Sorry about the incoming text wall... I'm just really into this chapter.

There's a lot that happens in Chapter Three. There's no question about that. And, at first, it's undeniably difficult to slog through the mess that is The Courier's Tragedy. A good handful of new names are thrown at you, it's hard to keep track of the events in the play, and, as if you were there, the narrator makes sure you experience every little detail alongside Oedipa. However, I believe the play itself, like Hamlet's play within a play, is some sort of analogy or method of foreshadowing regarding the story itself.

Angelo is an overly sexual, controlling figure, who reminds me a bit too much of Metzger in Ch. 2.

"He [Angelo] has begun feeling his sister [Francesca] up and nibbling at her neck; the dialogue modulates into the fevered figures of intemperate desire, and the scene ends with the couple collapsing onto a divan."
Ch. 3, Page 51

And there are other characters who I believe are representative of other characters in the story. 

"Act IV of The Courier's Tragedy discloses evil Duke Angelo in a state of nervous frenzy. He has leaned about the coup in Faggio, the possibility that Niccolo may be alive somewhere after all." ... "Angelo takes out a quill, parchment and ink, explaining to the audience but not to the good guys who are still ignorant of recent developments..."
Ch. 3, Page 53-54

Considering the mentions of underground, secret semi-political, semi-religious organizations (cults?) in Yoyodyne and postal fraud, I'm suspicious about the coup mentioned. I'm unsure about who Faggio may represent, but if anyone has the power to do so, it may be Di Presso and his connection to "the family" (hinting he's in cahoots with the Mafia). And Niccolo who was supposedly killed and, at the end of Chapter 4, it's heavily hinted that those who we believe are dead may not really be dead. Therefore, is Niccolo representative of Pierce?
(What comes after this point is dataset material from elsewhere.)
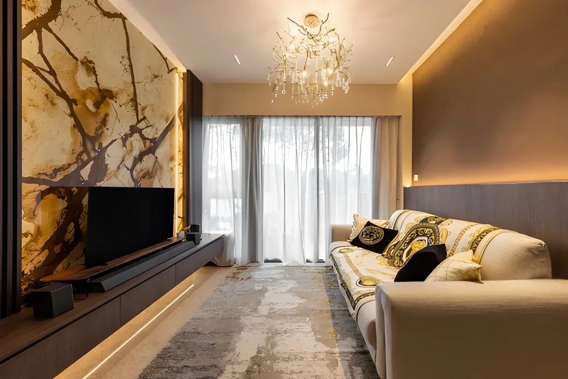 Designed a feature living room with bookmatched stone panels and integrated media wall

"As if the dead really do persist, even in a bottle of wine."
Ch. 4, Page 79 

In addition, once Oedipa goes backstage, she finds Driblette. I can't help but read Driblette as a character in which Pynchon uses to speak directly to us (Oedipa). There's a lot of lines that I believe hint him being an "insider", besides having a full script and being in charge of the play itself. 

Here are a few examples of what I believe are loaded lines: (From Ch. 3 Pages 60-63)
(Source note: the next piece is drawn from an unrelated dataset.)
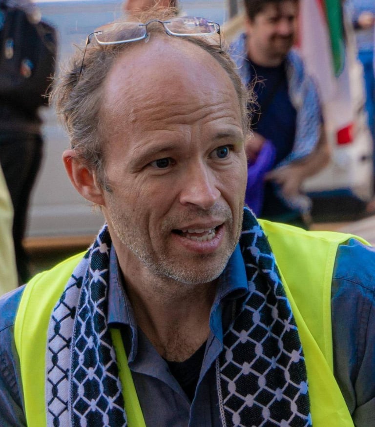 Ronnie Barkan ist ein israelischer Dissident, Mitbegründer von Boycott from Within, Mitglied von Anarchists Against the Wall und Palestine Action. Am Nakba-Tag 2022 nahm er an einer direkten Aktion gegen den britischen Hauptsitz des israelischen Unternehmens Elbit Systems teil. Elbit ist Israels führender Waffenhersteller und hat derzeit Stiefel vor Ort in Gaza, die dabei helfen, den Völkermord auszuführen. Kürzlich wurde Barkan von der deutschen Geheimpolizei nach seiner Münchner Rede auf dem Professor-Huber-Platz schikaniert, in der er das Erbe der Weißen Rose, die sich dem Nationalsozialismus entgegenstellte, mit direkten Aktionen gegen den Zionismus verband.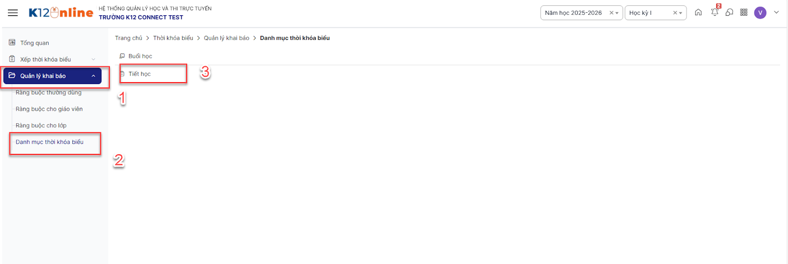 Bước 1: Trên màn hình, click menu Quản lý khai báo > Danh mục thời khóa biểu > Tiết học

"They [his eyes] were bright black, surrounded by an incredible network of lines, like a laboratory maze for studying intelligence in tears. They seemed to know what she wanted, even if she didn't."
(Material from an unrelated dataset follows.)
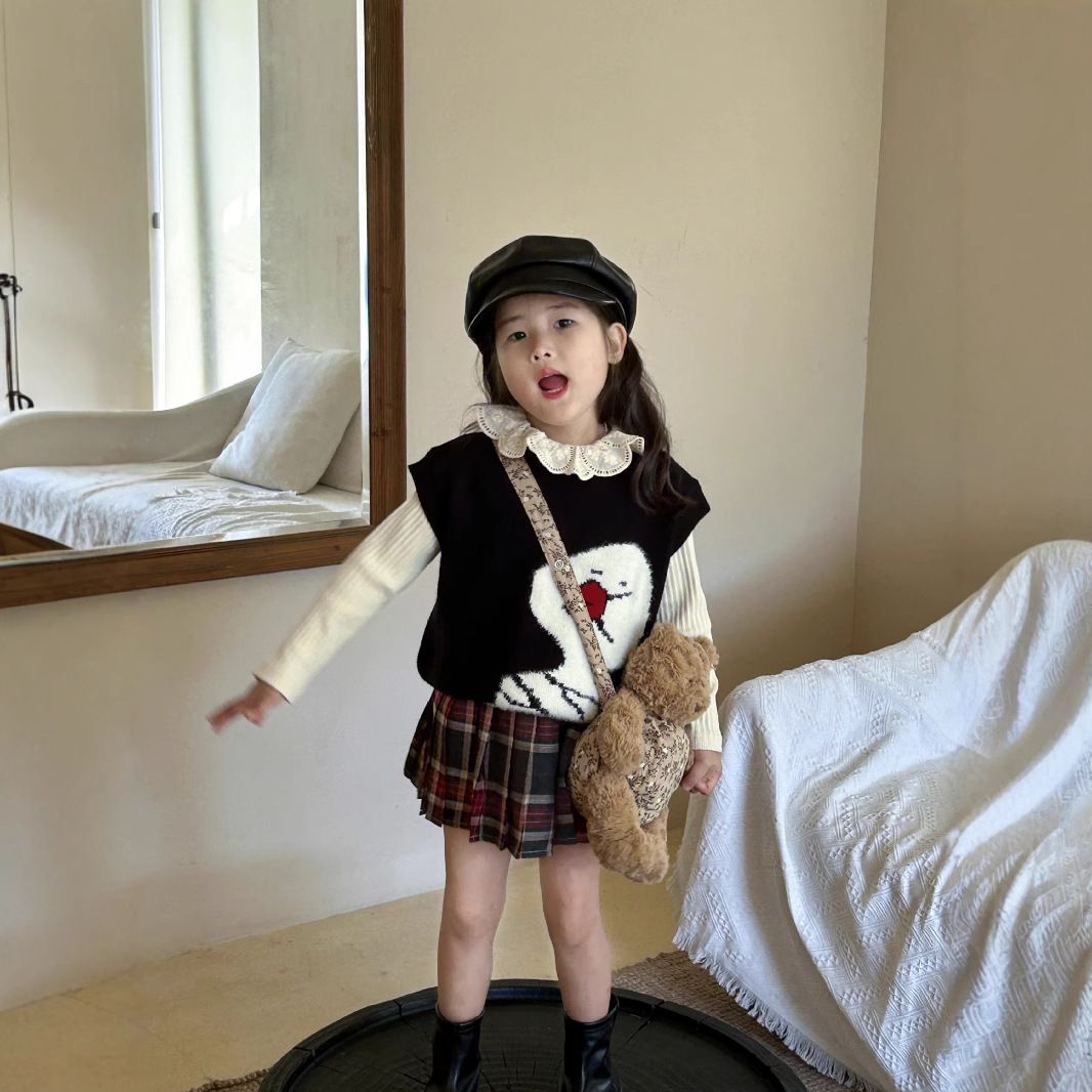Set pakaian tiga potong untuk perempuan, rompi wol kartun bebek + kemeja bottoming kerah daun bunga + rok kotak-kotak JK

As an author, he knows what he has in store for his characters - something the characters don't even know about themselves. 

"You came to talk about the play," he said. "Let me discourage you. It was written to entertain people... It isn't literature, it doesn't mean anything."

He scolds us for trying to over-analyze the book, claiming all of it's coincidences (ha) are just for entertainment purposes only. 

"Why," Driblette said at last, "is everybody so interested in texts?"

Pynchon is infamous (at least to my best knowledge) for rejecting interview requests. Driblette is probably also tired of people (like Oedipa, like us) asking about the deeper meaning behind it.

"Don't drag me into your scholarly disputes," adding "whoever you all are," with a familiar smile.

Pynchon makes fun of us for attempting to academically analyze his work, and the "whoever you all are" and "familiar" is very much so directed at us.

"Was it written in as a stage direction? All those people, so obviously in on something. Or was that one of your touches?"

Oedipa asks this of Driblette, aware that he knows the play inside and out. "All those people, so obviously in on something" is exactly her situation right now. We (the readers and Oedipa) are kept in the dark whereas it's obvious that, with the thick web of connections spanning between everyone and everything else, Metzger, Di Presso, Mucho, Cohen, Koteks, Thoth, etc. are familiar with the context and have information that Oedipa doesn't have access to.

"You could fall in love with me, you can talk to my shrink, you can hide a tape recorder in my bedroom, see what I talk about from wherever I am when I sleep. You want to do that? You can put together clues, develop a thesis, or several, about why characters reacted to the Trystero possibility the way they did, why the assassins came on, why the black costumes. You could waste your life that way and never touch the truth."